03/08/04 (月)
年金の株式運用、与党協議で決断すべき 坂口厚労相
 坂口厚生労働相は3日、相場の低迷で6兆円規模の累積損失を出している年金積立金の株式運用を続けるかどうか、年内にも与党3党で04年年金改革に関する協議の場をつくり、政治の場で決断するべきだ、との考えを示した。
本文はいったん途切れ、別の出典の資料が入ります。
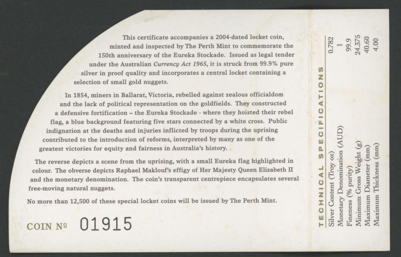 Proof; $1 (24g 0.999) 2004 Eureka Stockade Locket Coin with gold nuggets x2; $1 (24g 0.999) 2006 FIFA World Cup; plus China 2004 10¥/1oz (0.999) Panda gold plated, Mariana Islands $5 (25g 0.925) Magellan, and Isle of Man 2001 Crown (28g 0.925) Harry

また、国民年金の空洞化問題については「制度自体を魅力的にする必要がある」とし、国民年金(基礎年金)に上乗せして年金が支給される国民年金基金制度の充実などを例に挙げた。
 坂口厚労相は同日出演したフジテレビの番組で株式運用について、「(政治的に)きちんと決着したい」と述べ、秋に行われるとみられる総選挙後に与党によるプロジェクトチームをつくり、ほかの年金改革とあわせ、全体的な方針を決める意向を明らかにした。国民年金については「(満額支給でも)月額6万6000〜7000円程度の国民年金だけでは老後生活ができない。だから(保険料を払うのも)やめた、という人もかなりいる。2階部分(基金)をもう少し魅力的なものにするなど知恵を出して、『これで年金は大丈夫だ』と思ってもらえるようにしたい」と持論を述べた。株式を含めた年金積立金の市場運用については、01年末の閣議決定で、04年の年金改革までに再検討することが決まったが、厚労省の審議会は今年3月、「長期的には多様な資産に分散投資したほうが価格変動のリスクを回避できる」として、株式運用を継続するよう結論づけている。与党内には慎重論がある一方、年金資金を株価対策に積極的に活用すべきだとの主張も根強い。

 いかに資産を小分けに分散しようと、株式運用の投機的リスクはその性質上免れないだろう。これは株式市場の不安定な価格変動に国民の生活を委ねるようなものだ。まして年金資産という福祉的性格上、大前提たる安定支給は望むべくもない。国民負担率からして、年金など社会保障負担率がすでに国税負担率を抜いてしまっている。国民年金の財源確保では、年金保険料積立金140兆円からの借用もあげられている中、これらが将来リスクの大きい株式運用に流用するようなことがあれば、そのリスクがさらに増大することは必然だ。バブルが弾けて未曾有の大不況になったことへの反省を、今こそ教訓とすべき時ではないか。責任追求の場面で、株が下がったのが悪いのだと、いけしゃあしゃあと責任転化しかねない無責任な国会答弁が見えるようだ。厚労省が本気で「分散投資がリスクを回避できる」と思っていることが信じられない。今も国民年金未納者への強制徴収云々のニュースが流れている。